Thursday, May 26, 2011

Mother Lovin' Sauce

In classic French cooking, there are so-called "Mother Sauces", dating from the 1800s.  They have fancy names like "bechamel" and "veloute", and were one of the first things they taught us to make in our pro chef class.   Once you know how to make a mother sauce, you can get creative.  If you add tarragon to hollandaise, you get bearnaise.  If you add gruyere cheese to bechamel, you get mornay. There's even one where you add veal bone marrow to espagnole, and get something equally incomprehensible.

That's all fine.  But when the family's hungry on a Tuesday night, I don't turn to the Mother Sauces.  I turn to the Mother Lovin' Sauce:

I (the mother) open a jar (of sauce), add stuff (see below), and get dinner in 20 minutes.  (Lovin' that).

Mother Lovin' Sauce - A Rough Guide
There's not really a recipe here, more of a general concept.  Endless variations of the MLS are possible, and then there are, in turn, a slew of possible applications of the MLS*.

MLS basics:  Ground meat (should include sausage if at all possible), an onion, fresh or dried herbs, veggies you want your kids to eat without knowing it, a jar of starter sauce, and a "kicker" sauce to add another layer of flavor.  As you can see, it is extremely helpful to live near a Trader Joe's if you will be doing this often.  Not shown: garlic, red wine, olive oil.

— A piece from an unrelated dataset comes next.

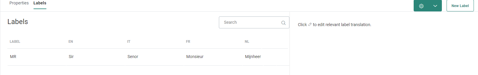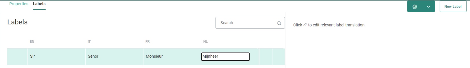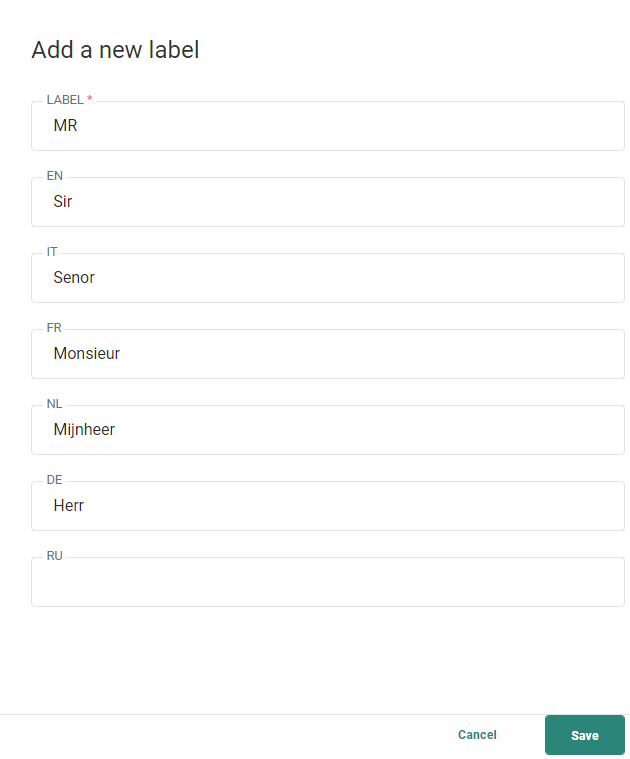 Example: Label can be MR, and the translated values Sir (EN), Mijnheer (NL), etc.

Chop your onions, mince the garlic, and then chop or shred the veggies.  Rule of thumb:  the more reviled the secret veggie is, the finer you will need to chop it so they won't catch on.  Carrots blend.  Zucchini does not.

Start by browning the meat in a large pan.  Did I mention you should definitely include Italian sausage if possible?  It'll really help the flavor of your sauce.  When it's brown, drain most of the fat, and put the meat in a bowl on the side.

Add a splash of olive oil to the pan.  Give it a minute to warm up, then add the chopped onions.  I like onions, so I usually add at least a cup, maybe more.   Let those soften for a few minutes, then add the garlic.  Give that a few minutes, then stir in the veggies.   Add a good sprinkling of salt and freshly ground pepper, and a few spoonfuls of dried oregano and basil.  Note:  At this point, people may start coming into the kitchen and asking when dinner is.

Stir the meat back in, then add the jar of starter sauce.  You probably have a favorite, but if not, try a few until you do!   Add the kicker sauce, too.  This could be a tub of purchased basil or sun dried tomato pesto, or (in this case) pizza sauce.  Blending these in makes it even more "homemade" tasting, because the flavors are more complex and layered. Start by using just  half the jar/tub of kicker sauce at first, then add more if you like.  Add a generous splash of red wine.  Taste, throw in more of anything you like, then allow the sauce to simmer for a few minutes, or even longer if you have the time.  It gets better if you do.     

You can serve it immediately, on top of cooked pasta.   Really good way to go.  Or, if you feel inspired, say by a blog post with photos that made your mouth water as you were reading, you can go a step further and make a baked spaghetti dinner.

Line the bottom of a baking dish with a layer of your MLS.  In a large bowl, combine the remaining sauce with the pasta (should be undercooked by a minute or two), a generous amount of grated cheese (a combo of Trader Joe's shredded mozzarella and their Quatro Fromaggio mix works great), and some more chopped fresh basil.   Turn that mixture into the baking dish, and cover it with more shredded cheese.  Cover like a blanket.  That's how much cheese.

Bake at 350 for 25 minutes or so, until it's all gooey and bubbling.

Allow to sit for 5-10 minutes, then serve**.

* For example, Bereavement Pasta.  The sauce in that recipe is one of my favorite variations of MLS.
** If you want to move from making your family very happy to making them your slaves for life, serve The Bread on the side.  Of course, you will also then have to up your health insurance coverage, due to the extreme amount of cheese and butter involved.